News & Deals



Proposed amendments to deals of listed companies that require prior shareholder approval

The financial regulator (the Financial Supervisory Commission or the “FSC”) has proposed to Parliament to amend the law that regulates listed companies (the Public Offering of Securities Act).

One of the proposed amendments will change the rules regarding the need of a prior shareholder approval of certain deals entered into by listed companies.

This amendment (if approved by Parliament) will be important given that without prior shareholder approval these deals are null and void ex lege (in contrast to the general rule applicable to non-listed companies that a deal is valid and binding on the company even if it was not approved by the relevant corporate body of the company).

In principle, under the current rules listed companies cannot buy, sell or otherwise dispose of or give as security assets above a certain value (based on their balance sheet) without a prior shareholder approval of the deal (taken without counting the votes of a significant shareholder if the deal is with it or its affiliates).

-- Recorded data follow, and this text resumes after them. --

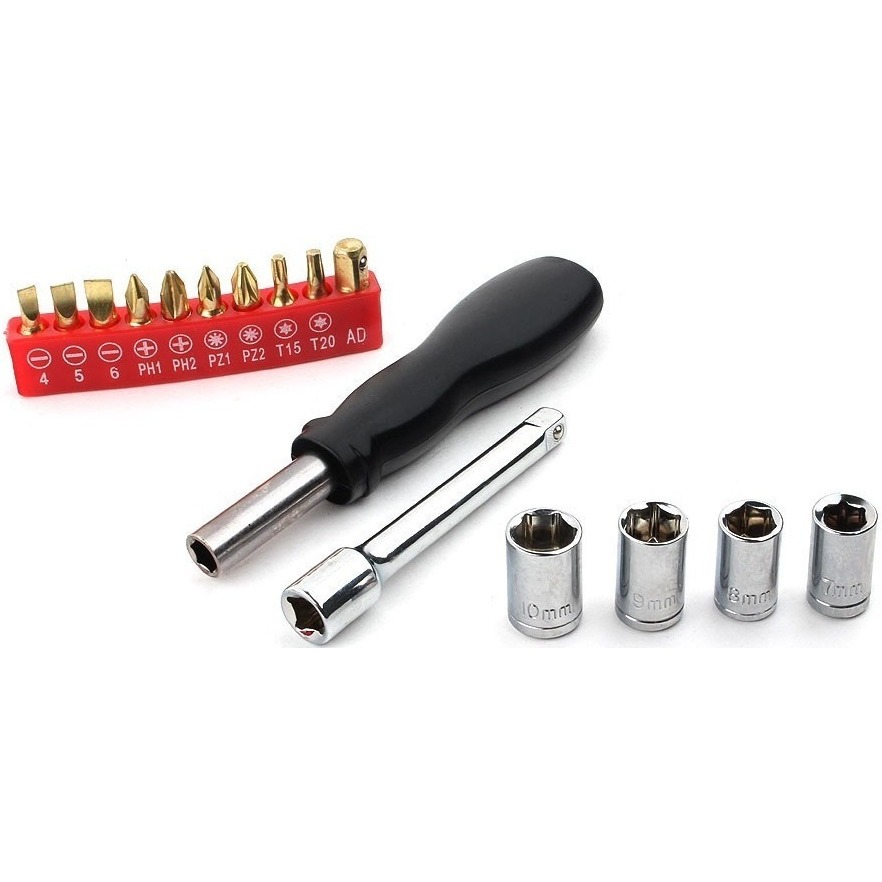 - Содержит популярные биты, такие как гаечные головки, Pozidriv, Phillips, и т.п.
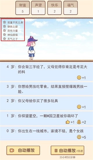 然后会自动播放人物每一岁所经历的事件,感受趣味人生。
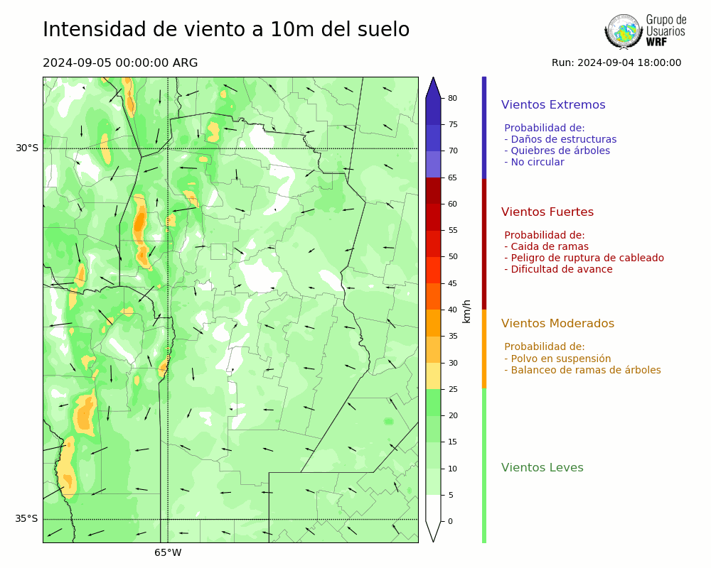 • Intensidad máxima: 28.35 km/h (05/09/2024 10hs.)
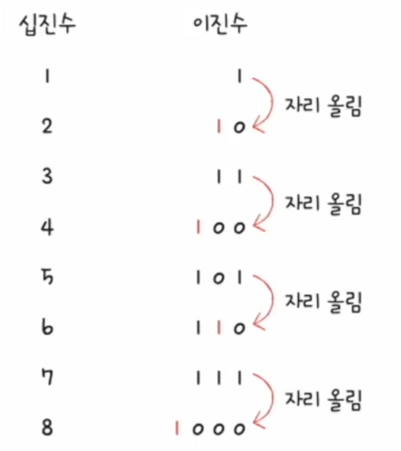이진법(binary)은 1을 넘어가는 시점에 자리올림하여 0과 1만으로 모든 수를 표현하는 방법
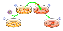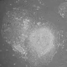 - Uma pequena parcela dessas células transfectadas (0,01-0,1% [25]) ganham características de células-tronco pluripotentes e geram colônias.
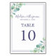 Numéro De Table Chic Script Green Foliing Marine Bleu Mariage fron
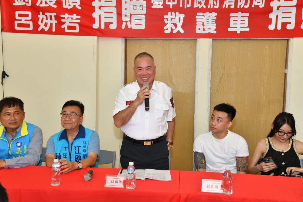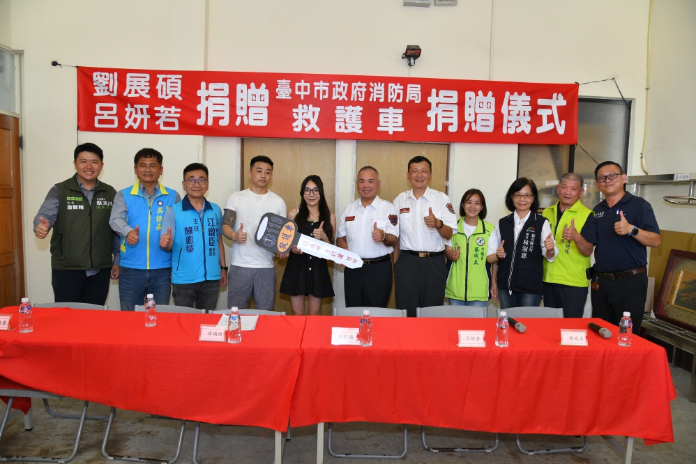 消防局長孫福佑指出,劉展碩、呂妍若夫婦及父親劉曜瑋、母親鄭詠方是台中市優秀市民,他們在新聞報導中看到善心人士捐贈救護車義舉,也想盡己所能回饋社會、積德行善,新社地區有許多產業道路,路況崎嶇,

Deals entered into without such shareholder approval (where needed) are null and void, i.e. they do not bind the listed company. Hence any third party entering into a deal with a listed company must make sure the shareholder approval (where needed) is granted at the risk of the listed company not being legally bound by the deal.

There are certain exceptions regarding deals made in the ordinary course of business of the listed company. But so far the exception failed to capture for example taking bank loans (as it is often difficult to determine with certainty whether taking a bank loan is within the ordinary course of business of a company, particularly where the bank loan is a large one or for a large project or investments rather than normal bank overdraft or working capital bank loan).

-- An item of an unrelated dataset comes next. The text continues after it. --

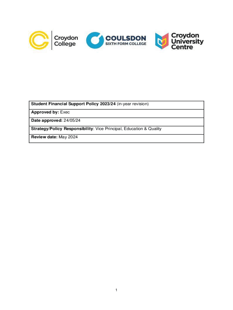 Get the free Student Financial Support Policy 2023/24 - croydon ac
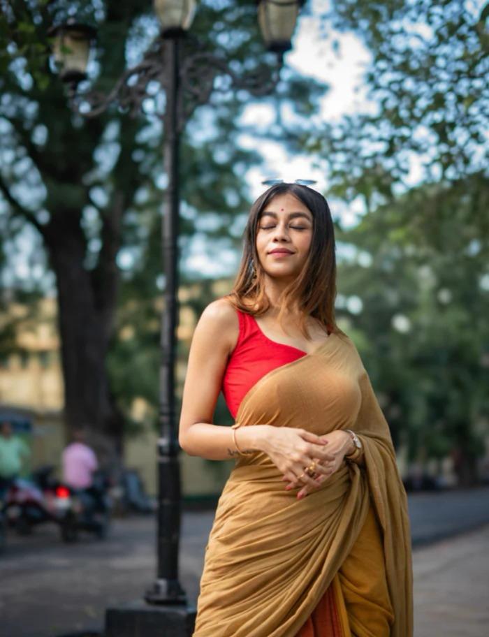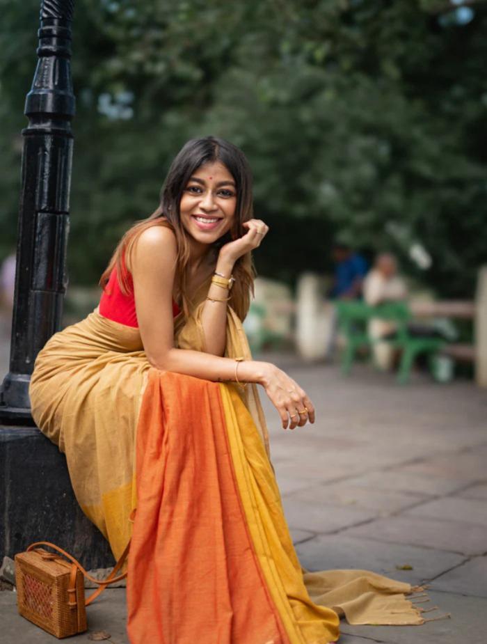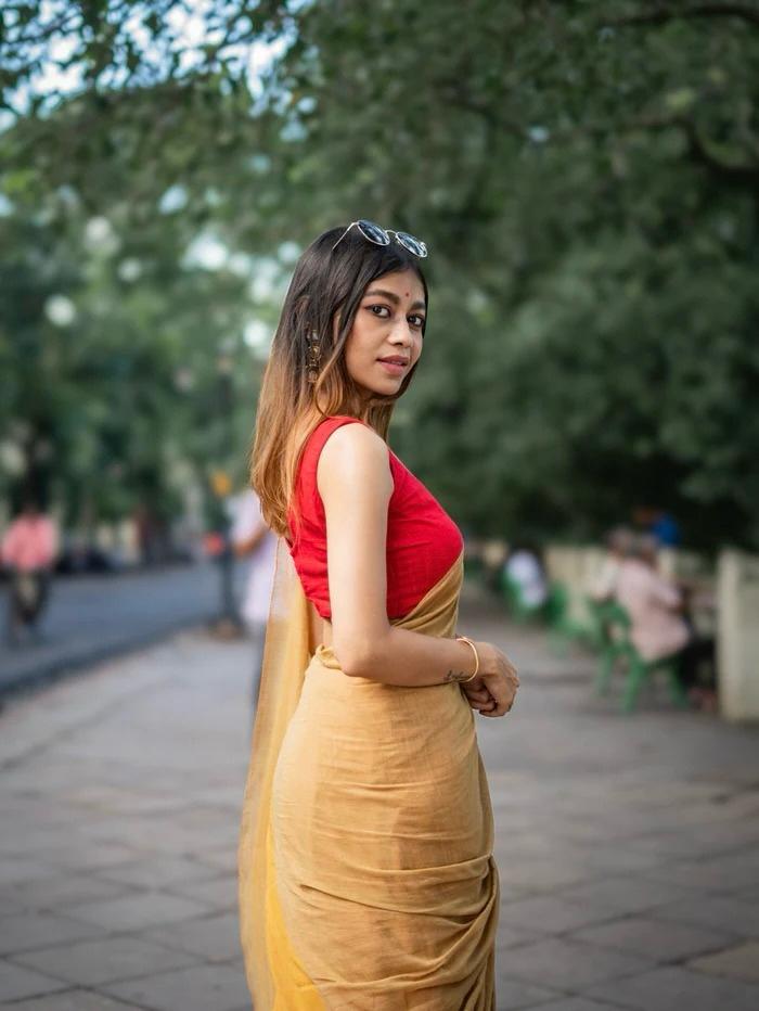 Multi color office wear plain khadi cotton saree

One of the proposed amendments will allow listed companies to take any bank loans and give any security for them (regardless of the size of the loan or the value of the security) without the need of a shareholders approval for validity of the deal.

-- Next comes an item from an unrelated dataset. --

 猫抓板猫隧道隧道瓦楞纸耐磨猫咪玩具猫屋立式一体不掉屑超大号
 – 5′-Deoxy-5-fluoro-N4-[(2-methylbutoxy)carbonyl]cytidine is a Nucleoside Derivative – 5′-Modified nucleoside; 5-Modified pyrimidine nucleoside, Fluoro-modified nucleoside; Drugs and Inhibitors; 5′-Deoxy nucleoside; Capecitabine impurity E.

The other proposed amendment will allow listed companies to guarantee or secure bank loans taken by a subsidiary of the listed company.

The FSC has not given any reasons for proposing these amendments, but the FSC probably takes the view that in the case of taking a bank loan the management of a listed company or its significant shareholders cannot abuse the rights of the minority shareholders or wants to give more flexibility to the management of listed companies regarding the bank financing of listed companies.

In addition, the FSC has proposed to exclude from the rule requiring a prior shareholder approval reinsurance deals made by insurers or reinsurers whose shares are listed.